- Theatrical release poster
- Directed by: P. Madhavan
- Story by: Balamurugan
- Produced by: P. Madhavan
- Starring: Sivaji Ganesan Jayalalithaa Sripriya Vijayakumar
- Cinematography: P. N. Sundaram
- Edited by: R. Devarajan
- Music by: M. S. Viswanathan
- Production company: Arun Prasad Movies
- Release date: 6 December 1975;
- Country: India
- Language: Tamil

= Paattum Bharathamum =

Paattum Bharathamum is a 1975 Indian Tamil-language musical dance film, directed and produced by P. Madhavan. The film stars Sivaji Ganesan, Jayalalithaa, Sripriya and Vijayakumar. It was released on 6 December 1975.

== Plot ==
Shanmugasundaram and Meenakshi are an artistic couple who get broken up due to differences. Their daughter Lalitha, who sides with Shanmugam, is now an accomplished dancer. Arun meets her accidentally and mocks her skills to which she responds that anyone can become rich in a day by being lucky but it takes real talent to become an artist. Taking this as a challenge, he joins Meenakshi and learns to dance facing Lalitha in a competition defeating her. They fall in love too.

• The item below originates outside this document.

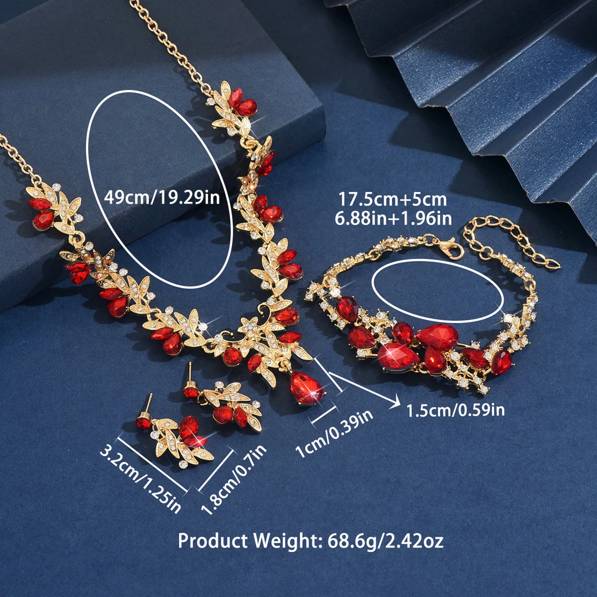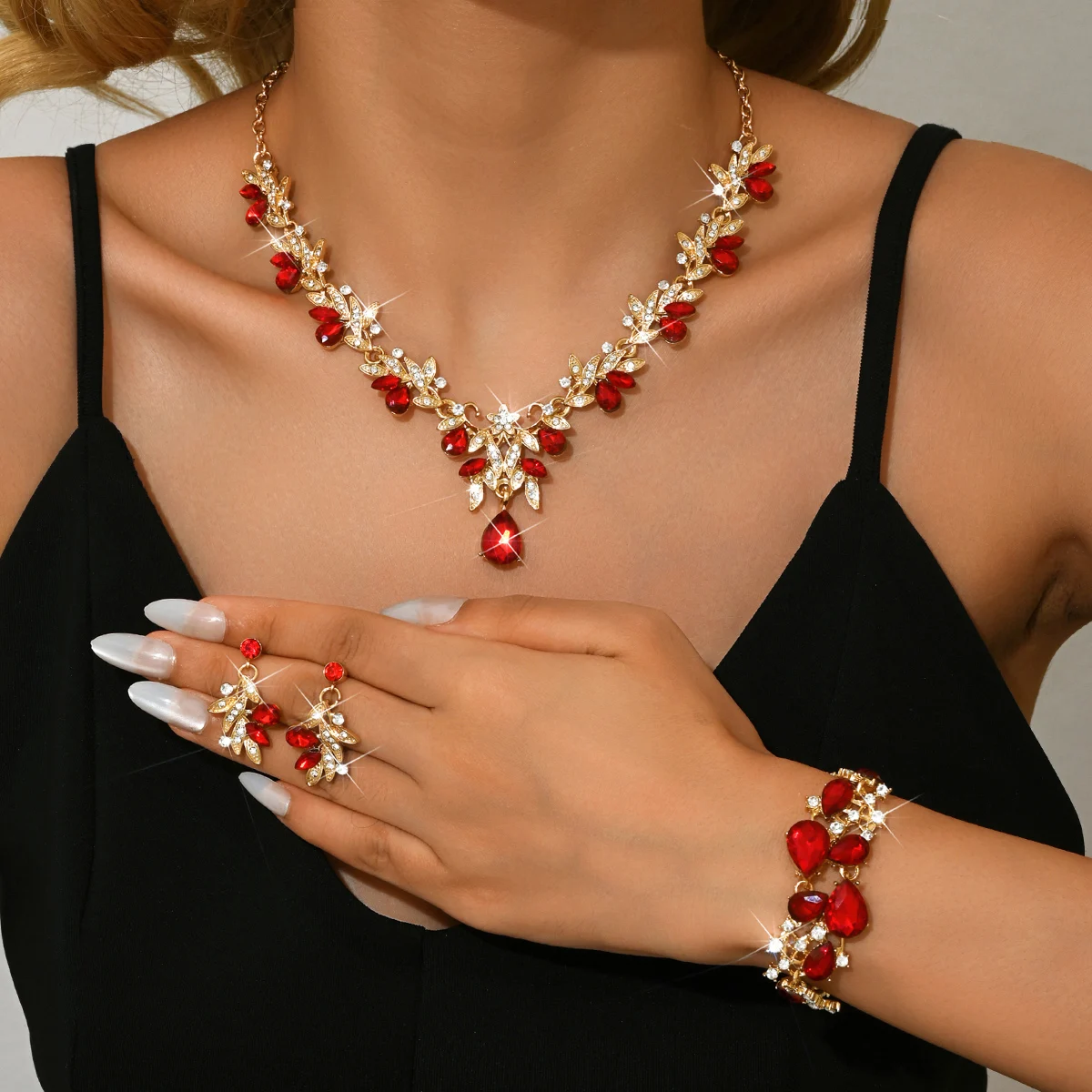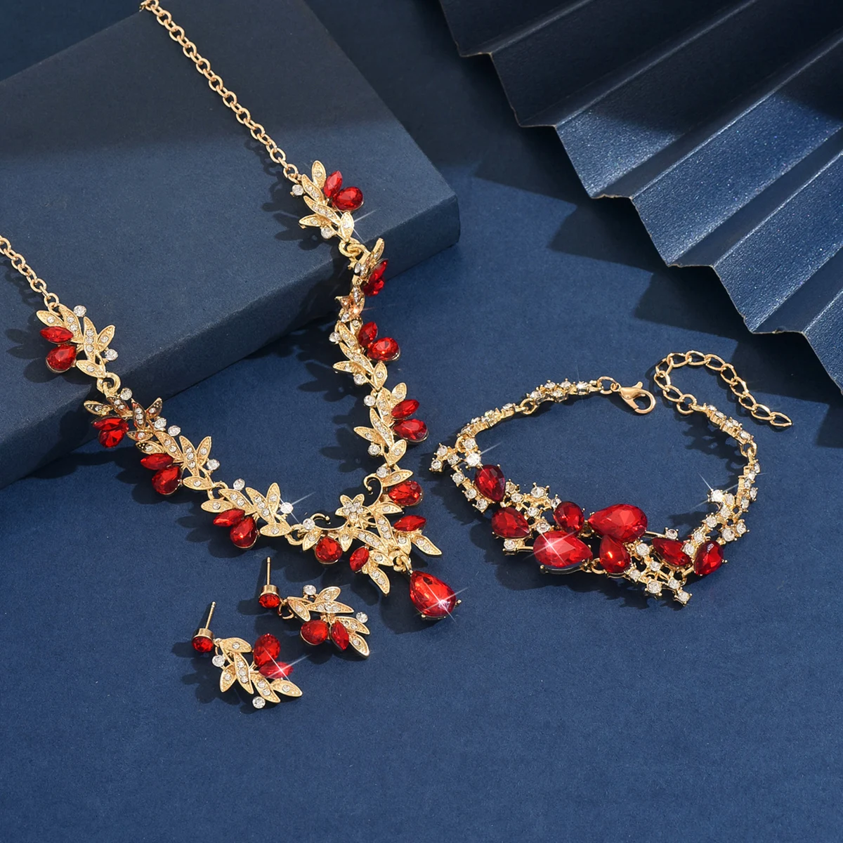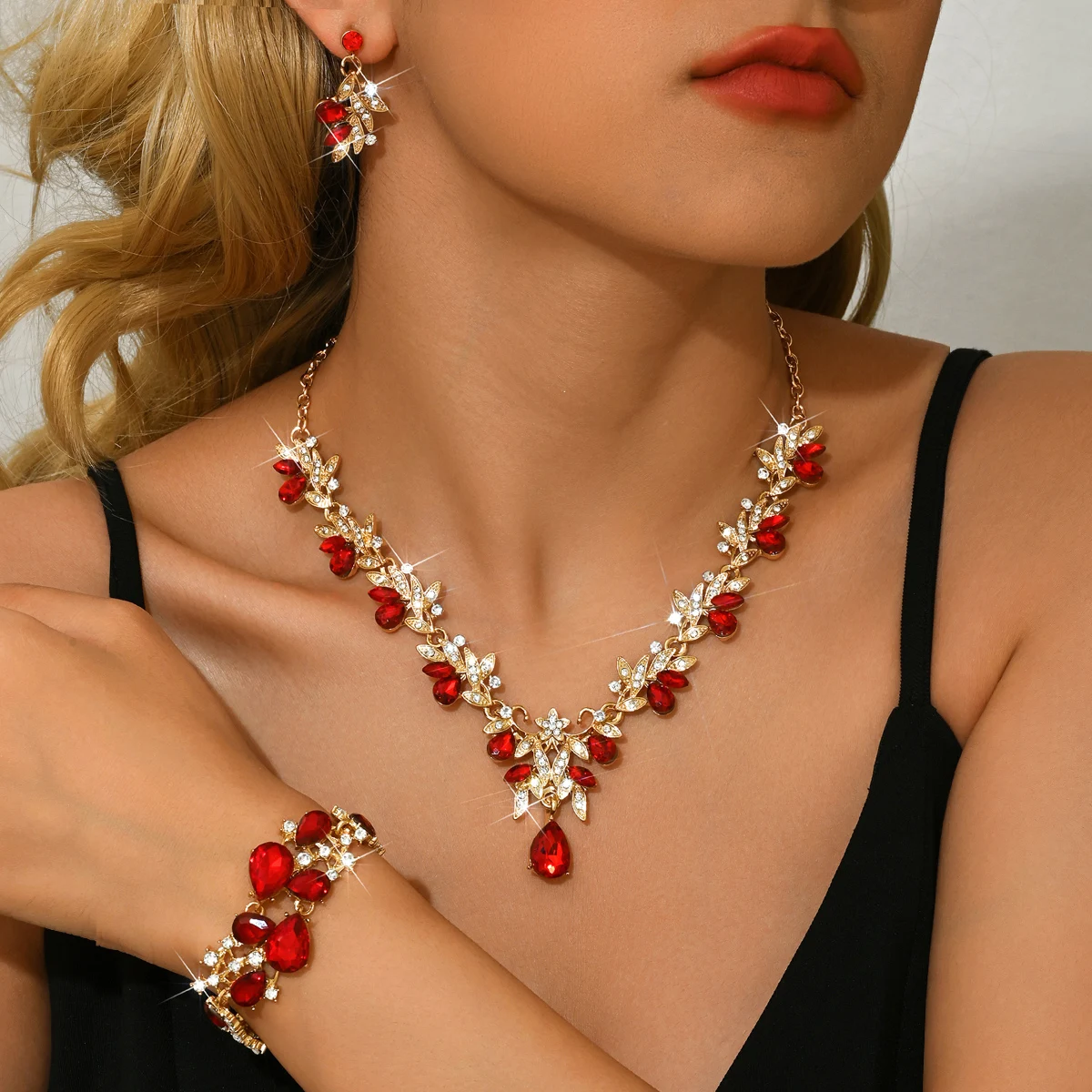 A set of fashionable and exquisite alloy diamond-encrusted, red crystal pendant necklace, earrings and bracelet, ladies' jewelry

While Thiyagarajan acts like he is ok with his son's choice, he uses his nephew Kumar to drive a wedge between them by making it look like Lalitha is of poor character causing Arun to insult Shanmugasundaram. When Arun finds out the truth, it is too late and he leaves his father and the riches dedicating the rest of his life to art. How the same art becomes instrumental in reuniting them through Shanthi is the rest of the story.

== Cast ==
- Sivaji Ganesan as Ravisankar and Arun (Dual Role)
- Jayalalithaa as Lalitha
- Sripriya as Shanthi
- Vijayakumar as Kumar
- Major Sundarrajan as Thiyagarajan
- Sukumari as Meenakshi
- R. S. Manohar as Shanmugasundaram
- M. R. R. Vasu as Kuduvancherry Kuppusamy
- Manorama as Mohana
- Gopi Krishna as Dancer
- Veeraraghavan
- Samikannu as School Principal
- Pakoda Kadhar as Kundumalai

== Soundtrack ==
The music was composed by M. S. Viswanathan, with lyrics by Kannadasan. According to reports, during the filming of the song sequence “Sivakami Ada Vandhal,” set to Amritavarshini, a Carnatic raga, Jayalalithaa performed the Bharatanatyam portion in a single take due to the limited availability of colour raw film, as the production required central government permission to procure additional rolls.

| Song | Singers | Length |
|---|---|---|
| "Deivathin Ther Eduthu" | T. M. Soundararajan | 05:18 |
| "Ulagam Neeyaadum" | P. Susheela, T. M. Soundararajan | 03:11 |
| "Maanthorana Veedhiyil" | P. Susheela, T. M. Soundararajan | 03:08 |
| "Sivakami Aada" | P. Susheela, T. M. Soundararajan | 06:16 |
| "Mazhaikkalam Varugindradhu" | Vani Jairam, M. S. Viswanathan | 03:06 |
| "My Song Is For You" | S. P. Balasubrahmanyam | 03:06 |

== Critical reception ==
Kanthan of Kalki noted that, regardless of how good the story was, the dialogues were entertaining. Kalaiselvam of Navamani praised the acting, dialogues, music, cinematography, choreography and direction.